You can deploy a High Performance Computing (HPC) cluster using Azure CycleCloud by performing the following steps:

  1. Connect to a deployed Azure CycleCloud Instance and authenticate.

  2. On the Create a New Cluster page, review the available options, and in the Schedulers section, select Slurm.

    A screenshot depicting the Create a New Cluster page of the Azure CycleCloud web application.

  3. On the About tab of the New Slurm Cluster page, in the Cluster Name text box, provide a name for the Slurm cluster.

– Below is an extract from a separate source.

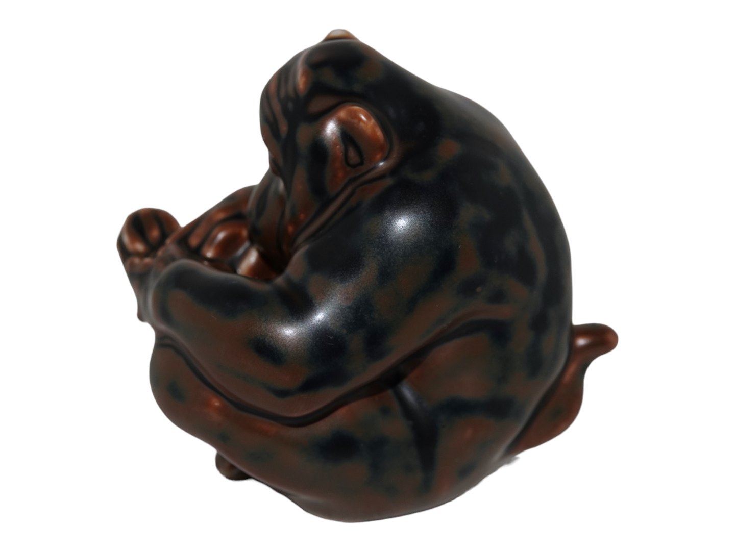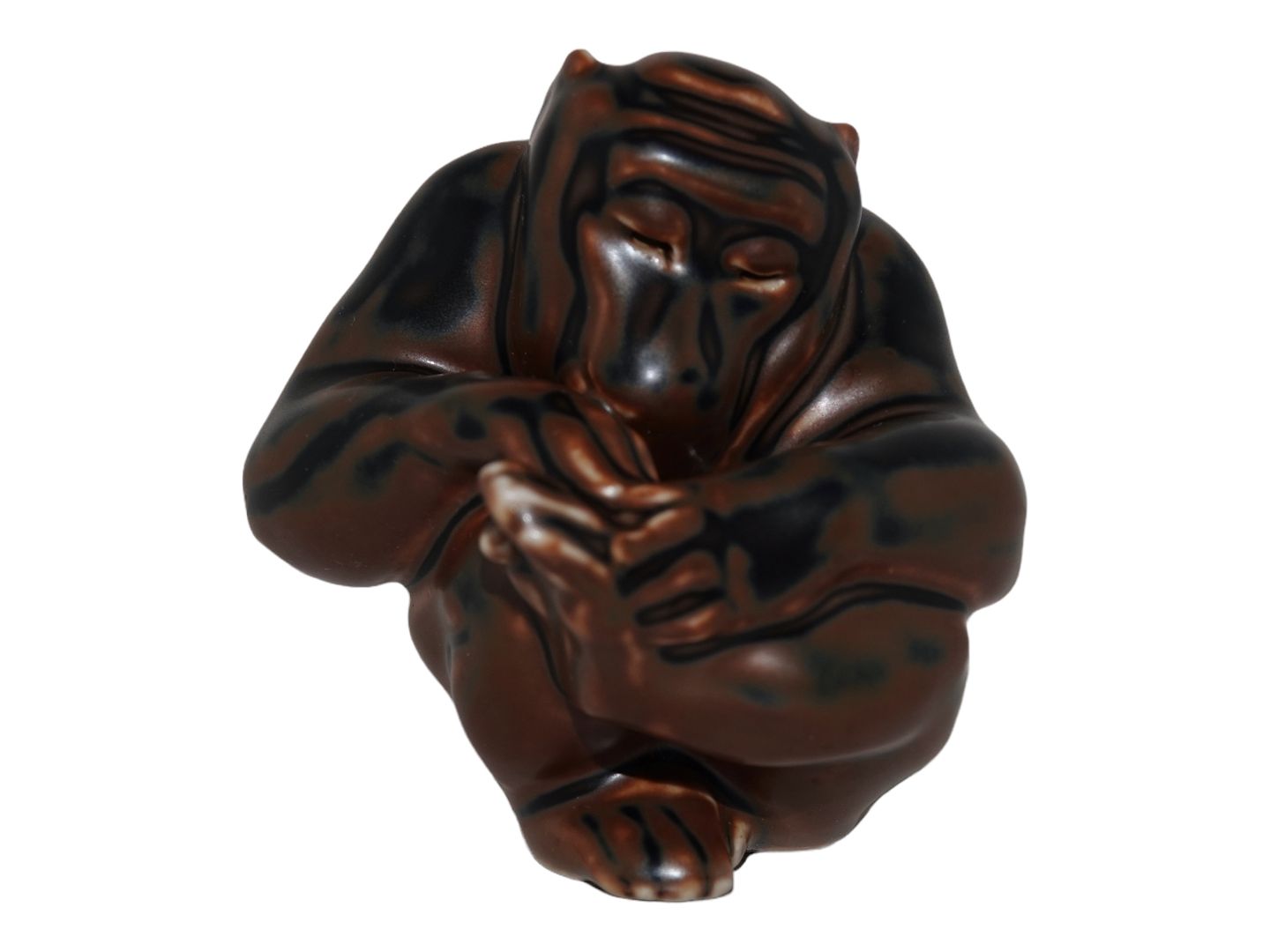 Small Royal Copenhagen brown stoneware figurine, monkey.

  4. On the Required Settings tab of the New Slurm Cluster page, in the Cluster Name text box, configure the following settings:

    • Region. This defines which datacenter will host cluster nodes.
    • Scheduler VM Type. Allows you to specify the VM SKU of the virtual machine that will host the job scheduler.
    • HPC VM Type. Allows you to specify the VM SKU of the virtual machine that will host HPC partition workloads.
    • HTC VM Type. Allows you to specify the VM SKU of the virtual machine that will host HTC partition workloads.
    • Autoscale. Allows you to enable or disable the starting and stopping of VM instances that host partition nodes when those nodes are required or no longer required.
    • Max HPC Cores. The maximum number of CPU cores that can be allocated to HPC partitions when autoscaling.
    • Max HTC Cores. The maximum number of CPU cores that can be allocated to HTC partitions when autoscaling.
    • Max VMs per Scaleset. Maximum number of VMs that can be used to host partition workloads.
    • Use Spot Instances. Whether you want to allow Azure spot instances to be used. Whilst spot instances are substantially cheaper to run, they can be removed without warning which can impact job execution.
    • Subnet ID. The Azure virtual network subnet that will host cluster node VMs.

    A screenshot depicting the Required Settings tab of the New Slurm Cluster page of the Azure CycleCloud web application.

  5. On the Network Attached Storage page configure whether you'll use the Builtin or External NFS options for the network attached storage mount. When you select Builtin the scheduler node will be configured as a NFS server that functions as the mountpoint for other nodes. If you specify External NFS you can then provide the details of a network attached storage device such as Azure NetApp Files, HPC Cache, or a specially configured VM running an NFS server.

  6. On the Advanced Settings page you can specify the following settings:

    • Slurm Version. The version of Slurm that will be used with the cluster.
    • Job Accounting. Whether you want to enable job accounting and the settings you'll chose to store accounting data.
    • Shutdown Policy. You can choose between terminating the instance or deallocating the instance.
    • Credentials. The credentials used to connect to the associated Azure subscription.
    • Scheduler OS. Which Linux operating system is used to host the scheduler. The default is CentOS 8 but you can choose a custom image.
    • HPC OS. Which Linux operating system is used to host the scheduler. The default is CentOS 8 but you can choose a custom image.
    • Scheduler Cluster Init. Custom instructions to apply to the scheduler VM.
    • HTC Cluster Init. Custom instructions to apply to HTC nodes.
    • Advanced Networking. Allows you to enable Return Proxy, whether the head node can be accessed from internet addresses and whether execute nodes can be accessed from the internet.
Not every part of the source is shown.